An assessment records the liability of the taxpayer. 26 U.S.C. § 6203(a); 26 C.F.R. § 301.6203-1. The taxpayer's tax liability is summarized on a Form 23-C (Assessment Certificate) that is signed by an assessment officer. Id.
Within sixty days of making the assessment, the IRS must issue a "notice and demand letter" to the taxpayer, specifying the amount due and demanding payment. 26 U.S.C. § 6303. Upon request, the IRS must also give the taxpayer an actual record of the assessment that sets forth the name of the taxpayer, the date of the assessment, the type of liability assessed, the applicable period, and the amount assessed. 26 U.S.C. § 6203; 26 C.F.R. § 301.6203-1.
If the taxpayer fails to pay, the IRS may seek collection through administrative methods (federal liens or levies) or judicial methods (suits to foreclose liens or to reduce assessments to judgments).
Once an assessment is made, the IRS may abate any part of the assessment in excess of the amount properly assessed against the taxpayer. 26 U.S.C. § 6404(a).
The Government has ten years from the date of the assessment to file suit. 26 U.S.C. § 6502(a).

In February and July 2005, the IRS filed Notices of Federal Tax Liens with the State of Hawaii, stating in pertinent part:

we are giving a notice that taxes (including interest and penalties) have been assessed against the following-named taxpayer. We have made a demand for payment of this liability, but it remains unpaid.
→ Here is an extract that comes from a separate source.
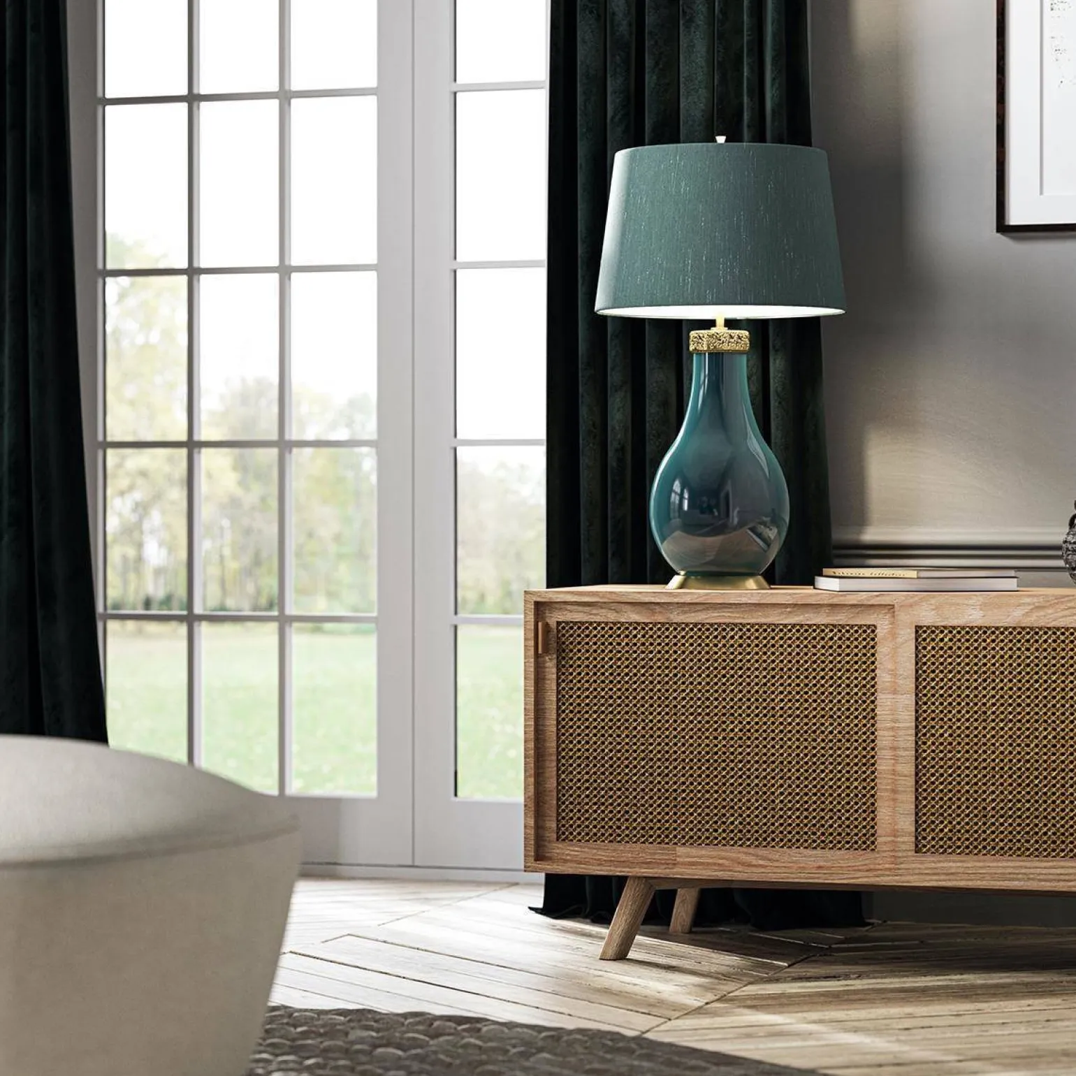 Lampa Havering to połączenie wysokiej jakości materiałów – ceramiki, stali i tkaniny, co sprawia, że jest nie tylko estetyczna, ale również trwała. Kolor jej klosza – w odcieniach zielonym i turkusowym, doskonale współgra z pozostałymi elementami wyposażenia, tworząc spójną i harmonijną aranżację w salonie.

Therefore, there is a lien in favor of the United States on all property and rights to property belonging to this taxpayer for the amount of these taxes, and additional penalties, interest, and costs that may accrue.

Exs. 7 8, attached to Hendon Decl. These Notices stated that Flaherty owed $675,886.54 for year 1999 and $147,949.69 for years 2000 and 2001 for unpaid assessments. Id.; Nikaido Decl. ¶ 3.

In July 2005, the State of Hawaii Department of Taxation concluded that Flaherty had not paid state taxes and owed about $5,000. See ECF No. 4, Ex. A, attached to State's Answer. Flaherty's debt constituted a lien on his real property in favor of the State. Ex. B, attached to State's Answer.

The IRS says that, in 2004, 2005, and 2006, it notified Flaherty of the amount he owed for 1999 to 2001. Compl. ¶ 12; Exs. 1-3, attached to Hendon Decl. (Certificates of Assessments noting that the IRS assessed Flaherty in 2003 and 2004, and then notified him of the amount he owed on many occasions).

The Government filed suit in 2008, seeking to reduce to judgment Flaherty's unpaid federal income tax assessments and to foreclose on Flaherty's property. Compl. ¶¶ 10-27. Through discovery, the Government obtained information relating to Flaherty's tax liability, specifically the amount that Flaherty had paid to buy stocks. The IRS recalculated Flaherty's tax liability based on the new information. Nikaido Decl. ¶ 3. In August 2009, the IRS calculated Flaherty's 1999 federal tax liability to be $38,148 plus $18,120 in penalties. Id. ¶ 5. The IRS calculated Flaherty's 2000 tax liability to be $4,827 plus $5,151 in penalties. Id. ¶ 7. The IRS calculated Flaherty's 2001 tax liability to be $3,499 plus $3,938 in penalties. Id. ¶ 8. The IRS abated some of the previous assessments. Id. Flaherty also allegedly owed self-employment taxes for 2000 and 2001.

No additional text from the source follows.